Problem to solve: When copying the data below, keep only the lines from the one with "具体操作:函数插件区,选择保" through the one with "注:中国邮路发出的包裹,较3", word for word, and skip the pictures.

Extracted entries:
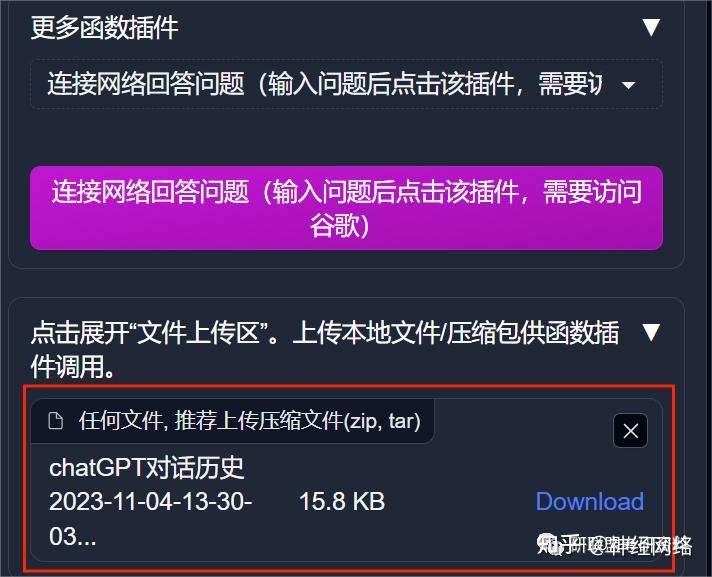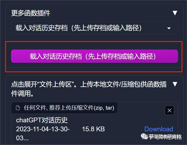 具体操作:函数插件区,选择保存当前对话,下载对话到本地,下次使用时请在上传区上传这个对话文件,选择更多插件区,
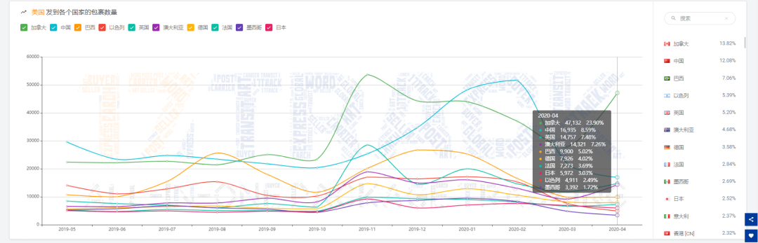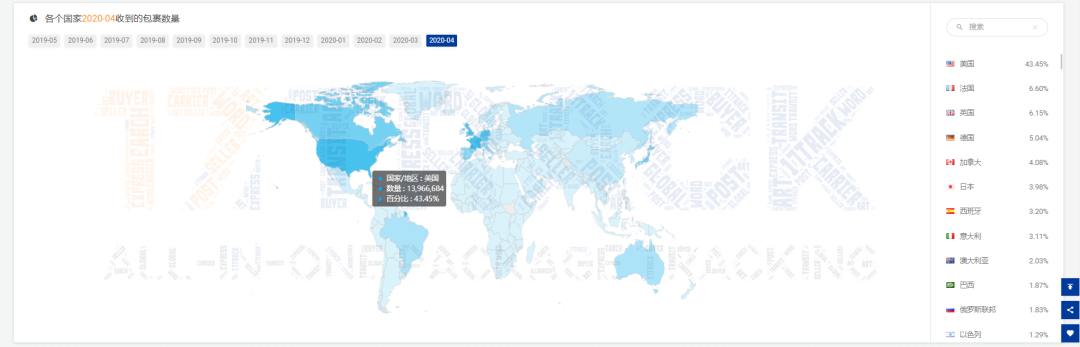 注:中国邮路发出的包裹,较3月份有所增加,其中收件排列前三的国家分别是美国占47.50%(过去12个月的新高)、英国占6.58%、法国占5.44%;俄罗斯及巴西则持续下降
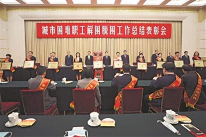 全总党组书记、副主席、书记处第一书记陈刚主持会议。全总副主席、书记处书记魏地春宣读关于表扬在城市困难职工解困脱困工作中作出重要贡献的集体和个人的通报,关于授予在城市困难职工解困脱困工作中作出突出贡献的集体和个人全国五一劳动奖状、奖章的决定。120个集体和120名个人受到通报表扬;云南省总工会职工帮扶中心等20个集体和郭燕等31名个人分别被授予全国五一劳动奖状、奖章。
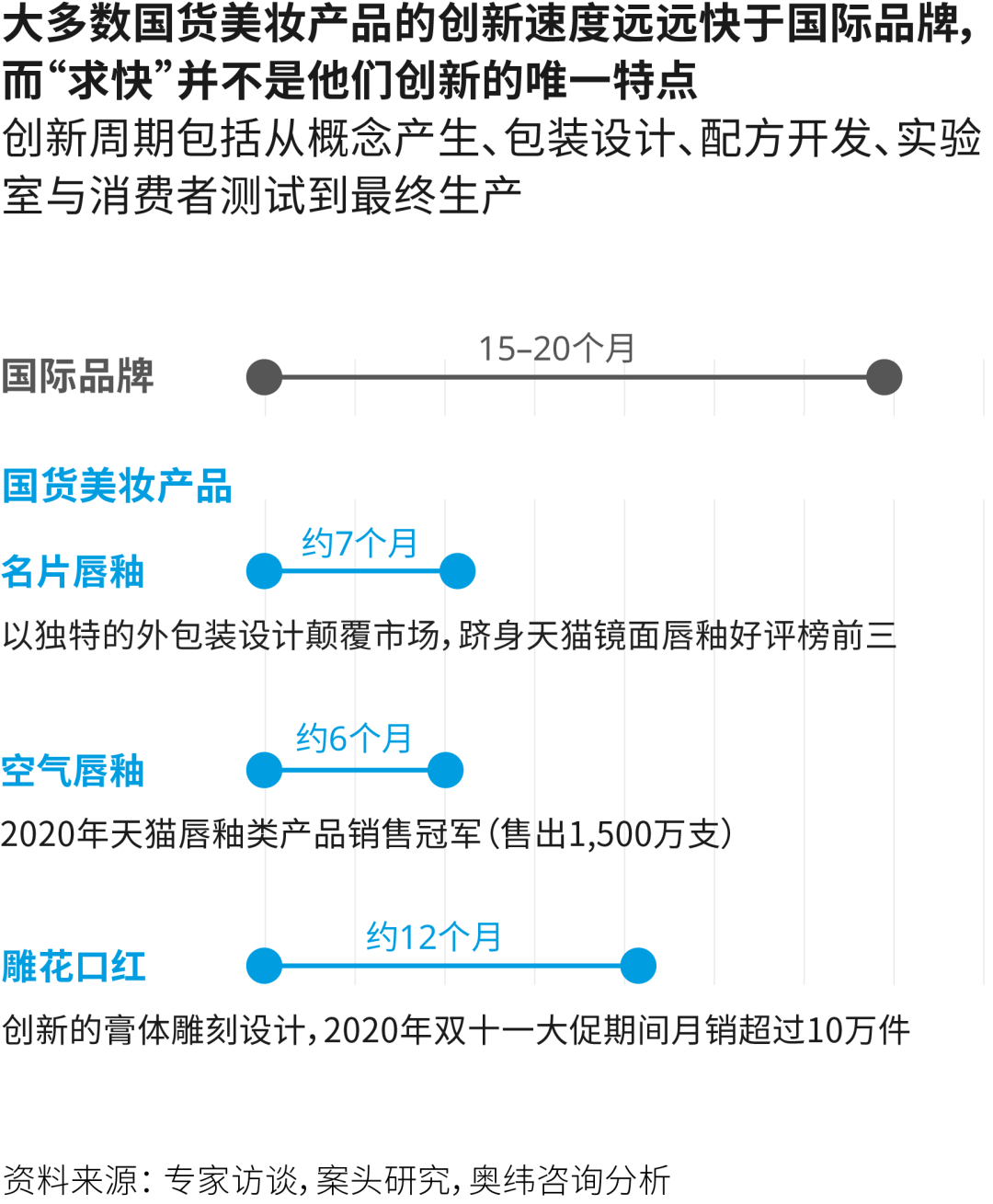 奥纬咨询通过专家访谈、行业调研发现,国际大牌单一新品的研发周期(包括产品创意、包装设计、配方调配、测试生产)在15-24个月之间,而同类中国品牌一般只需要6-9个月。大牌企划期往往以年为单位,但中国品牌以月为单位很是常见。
...
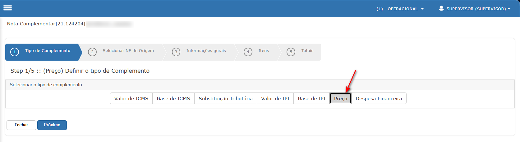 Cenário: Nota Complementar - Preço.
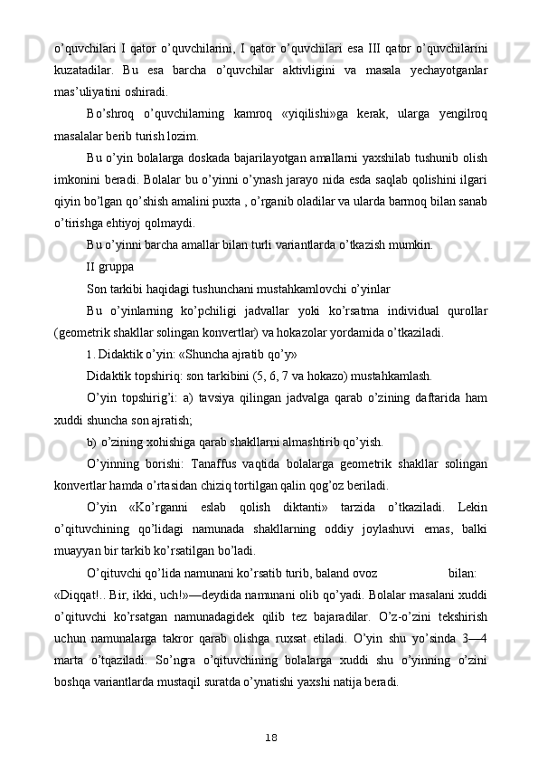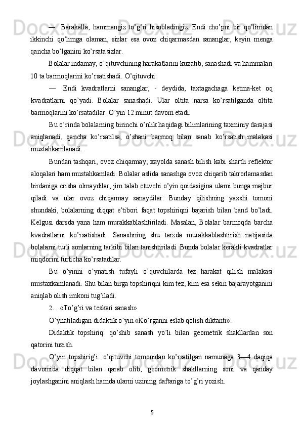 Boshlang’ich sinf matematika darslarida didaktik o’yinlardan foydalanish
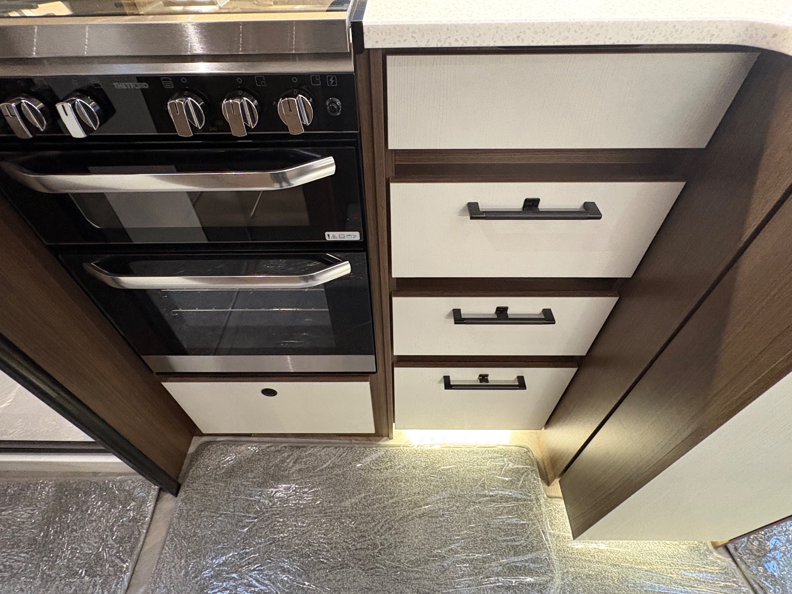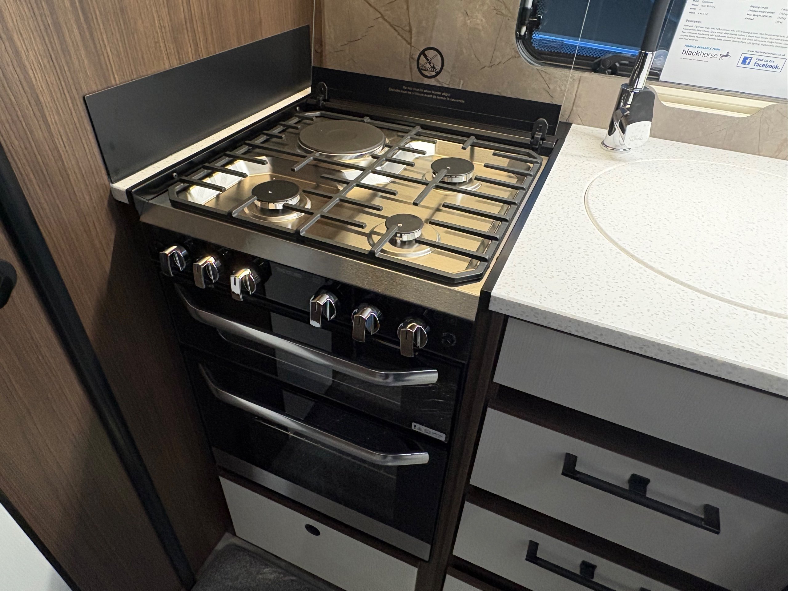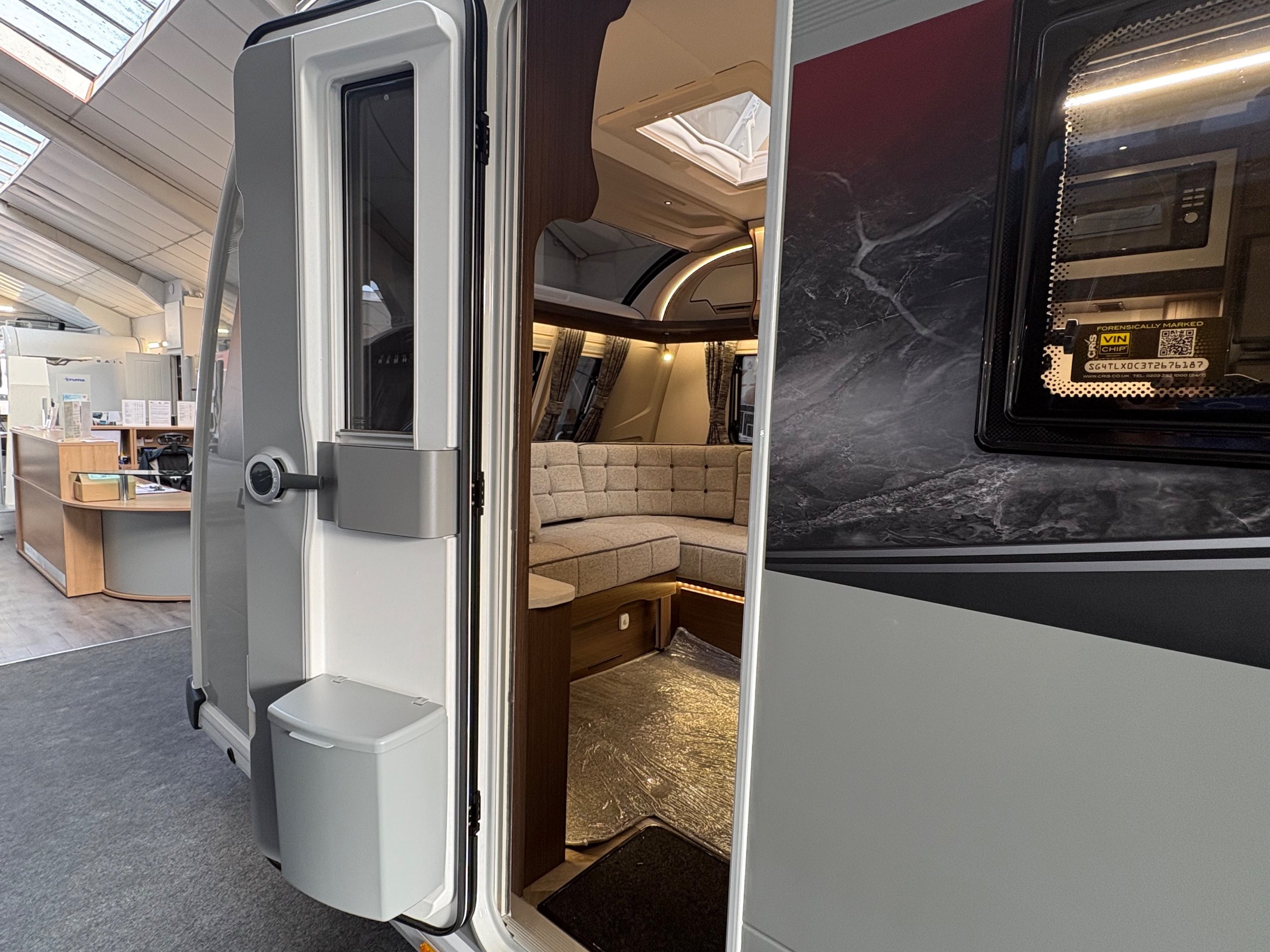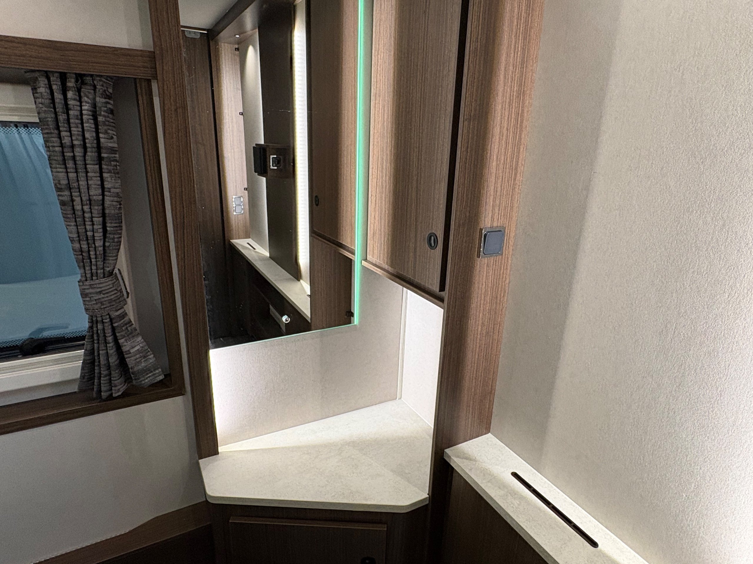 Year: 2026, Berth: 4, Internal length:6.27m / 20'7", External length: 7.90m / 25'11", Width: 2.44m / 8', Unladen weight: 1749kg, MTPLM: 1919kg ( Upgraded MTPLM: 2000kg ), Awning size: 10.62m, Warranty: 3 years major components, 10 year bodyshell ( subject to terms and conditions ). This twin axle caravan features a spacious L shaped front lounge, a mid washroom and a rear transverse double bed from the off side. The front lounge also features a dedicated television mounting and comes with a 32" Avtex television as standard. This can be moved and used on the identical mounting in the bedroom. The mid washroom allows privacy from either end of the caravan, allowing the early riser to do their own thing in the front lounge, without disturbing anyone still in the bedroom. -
* * *
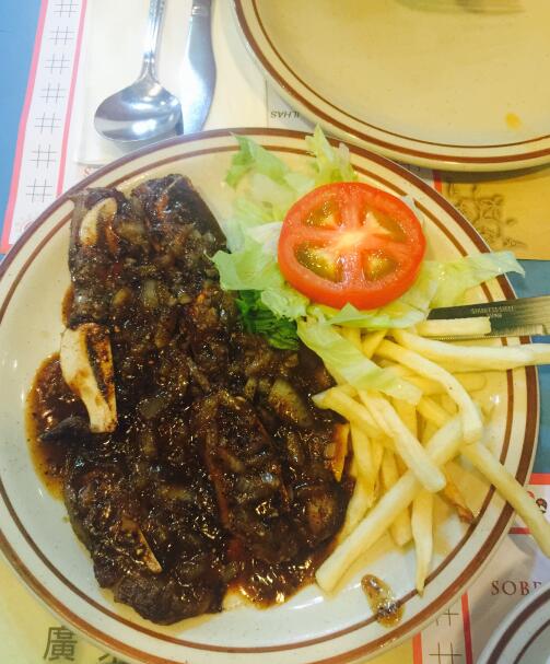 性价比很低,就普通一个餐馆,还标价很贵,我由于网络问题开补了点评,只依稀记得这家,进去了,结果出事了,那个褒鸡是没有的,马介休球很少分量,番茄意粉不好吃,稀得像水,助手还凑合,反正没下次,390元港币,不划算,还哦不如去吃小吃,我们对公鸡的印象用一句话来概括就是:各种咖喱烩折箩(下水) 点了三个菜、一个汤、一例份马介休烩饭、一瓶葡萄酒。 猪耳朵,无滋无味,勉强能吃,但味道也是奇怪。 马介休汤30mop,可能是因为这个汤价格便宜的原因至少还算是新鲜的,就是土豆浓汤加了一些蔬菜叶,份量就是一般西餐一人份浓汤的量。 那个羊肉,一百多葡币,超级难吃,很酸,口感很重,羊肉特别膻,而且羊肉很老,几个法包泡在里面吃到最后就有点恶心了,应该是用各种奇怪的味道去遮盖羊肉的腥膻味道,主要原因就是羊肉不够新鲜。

Written response:
 具体操作:函数插件区,选择保存当前对话,下载对话到本地,下次使用时请在上传区上传这个对话文件,选择更多插件区,
 注:中国邮路发出的包裹,较3月份有所增加,其中收件排列前三的国家分别是美国占47.50%(过去12个月的新高)、英国占6.58%、法国占5.44%;俄罗斯及巴西则持续下降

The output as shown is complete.